An dem Bündnis war auch das Volkshaus der Türkei beteiligt, in dem sich Ende der 1970er-Jahre verschiedene linke Gruppen aus der Türkei zusammengeschlossen hatten. Im Zuge des Militärputschs 1980 in der Türkei kamen viele weitere Menschen nach Hamburg und brachten ihre politische Erfahrung mit in das Volkshaus, das sie in der ehemaligen Rindermarkthalle St. Pauli einrichteten. Viele Initiativen gegen Rassismus gingen von dort aus: 1991 entstand die „Widerstandsinitiative gegen Rassismus“, die sich für eine Ramazan-Avcı-Straße als Zeichen gegen Rassismus einsetzte. Nachdem am 29. Mai 1993 Hatice Genç, Hülya Genç, Saime Genç, Gürsün İnce und Gülüstan Öztürk bei dem rassistischen Brandanschlag in Solingen getötet worden waren, organisierten Aktivist*innen aus dem Volkshaus einen Tag des Streiks in Hamburg.

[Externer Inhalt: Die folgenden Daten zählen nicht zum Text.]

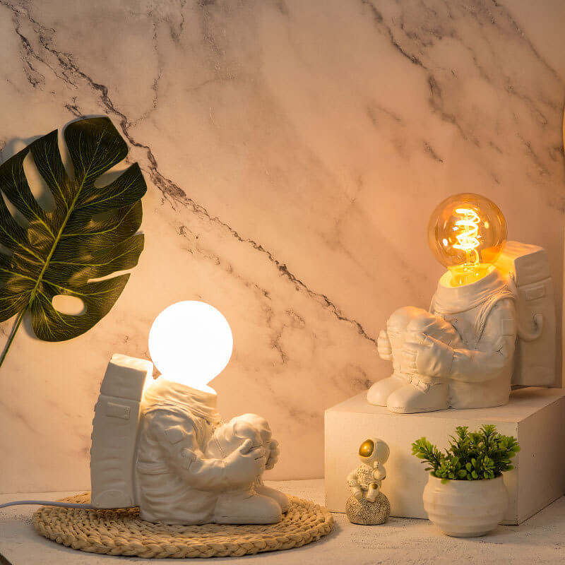 Contemporary Creative Astronaut Resin Glass 1-Light Table Lamp For Bedroom

Am 2. Juni 1993 blieben viele Läden von Migrant*innen geschlossen und Tausende, vor allem migrantische Jugendliche, kamen zu einer Demonstration auf dem Rathausmarkt zusammen. Bis zum Umbau der Rindermarkthalle war das Volkshaus über 30 Jahre lang ein wichtiger Ort der Selbstorganisation und des Zusammenkommens von Migrant*innen, Geflüchteten, Sinti*ze und Rom*nja sowie linken Aktivist*innen.

Sinti*ze und Rom*nja organisierten sich in Hamburg bereits Mitte der 1970er-Jahre in der Rom und Cinti Union e.V. Der 1982 offiziell eingetragene Verein setzt sich seither mit vielfältigen Aktionen, darunter Hungerstreiks und Besetzungen für eine Aufarbeitung der nationalsozialistischen Verfolgung der Sinti*ze und Rom*nja, gegen antiziganistische Diskriminierung und für ein Bleiberecht der von Abschiebung bedrohten Rom*nja aus der Bundesrepublik ein.

Bei vielen Aktionen gegen Rassismus und rechte Gewalt in Hamburg arbeiteten die hier genannten Gruppen mit weiteren politischen Zusammenschlüssen, z.B. von Geflüchteten, eng zusammen. Gemeinsam demonstrierten sie etwa nach dem sogenannten Asylkompromiss 1993, der als faktische Abschaffung des Asylrechts in Deutschland kritisiert wird.
Weitere Beispiele migrantischer und antirassistischer Widerstandsformen zeigt die 2021 veröffentlichte Wandzeitung Migrantischer Widerstand im Hamburg der 1990er-Jahre des Soziologen und Aktivisten Gürsel Yildirim.